When our Minister of Health and Prime Minister say they're waiting for definitive evidence on the health benefits of a sugary drinks tax before deciding whether to follow the United Kingdom's lead, they know they are on safe ground.
That's because 'definitive evidence' on the health benefits of national taxes is unobtainable.
Actually definitive evidence on almost any health intervention is unobtainable. Moreover, politicians don't usually wait for definitive evidence before making decisions. None of the 22 strategies in their new childhood obesity plan are based on evidence that is as good as the evidence for a sugary drinks tax. So why wait now, when the best available evidence indicates that the benefits are likely to be substantial and when failure to address the obesity and diabetes epidemics are likely to be disastrous?
Internationally, those opposed to cigarette taxes - the tobacco companies, some addicted smokers, and politicians in the pocket of the tobacco industry - still argue that there is no definitive evidence on the benefits of tobacco taxes, despite every public health agency in every developed country supporting tobacco taxes.
Millions of lives were lost unnecessarily because politicians used this excuse to sit on their hands for years before introducing tobacco taxes. We don't want to make the same mistake with sugar, given that over 300,000 New Zealanders have diabetes, over one million are obese and almost half of kiwi kids have tooth decay.

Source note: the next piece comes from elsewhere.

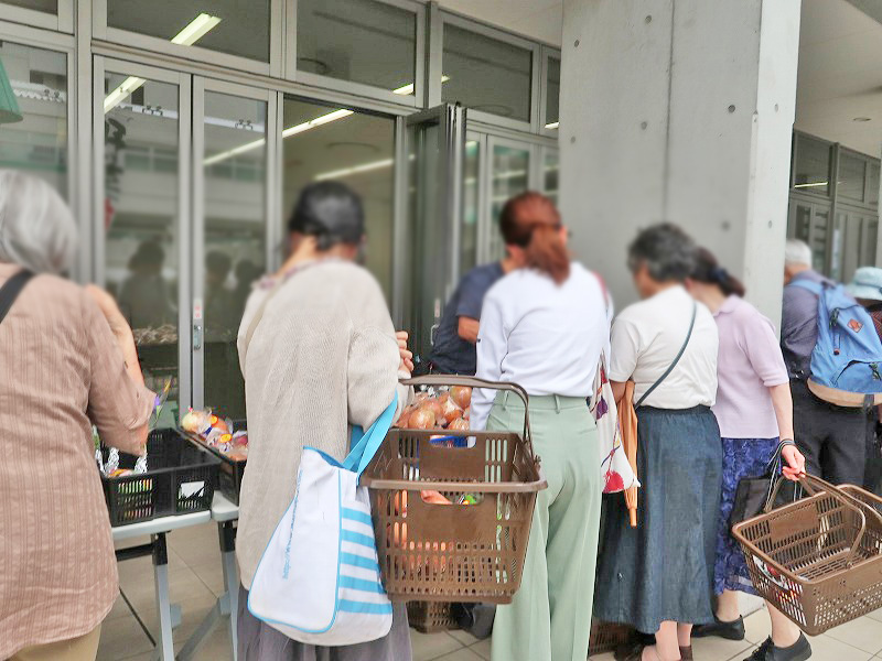 大盛況の中、1時間で終了した「コラボ朝市」。

To definitively demonstrate the benefits of a sugary drinks tax one would need to randomly assign multiple countries to either introducing a tax or not while making sure all other factors that could increase or decrease obesity and diabetes in all countries studied remained identical. Then one would need to measure changes in the prevalence of obesity on large numbers of representative samples from each population over a period of years. This could definitively prove that the introduction of a tax was linked to favourable trends in obesity. But even if this were possible, it's never difficult to find some flaw in the evidence as no study is perfect.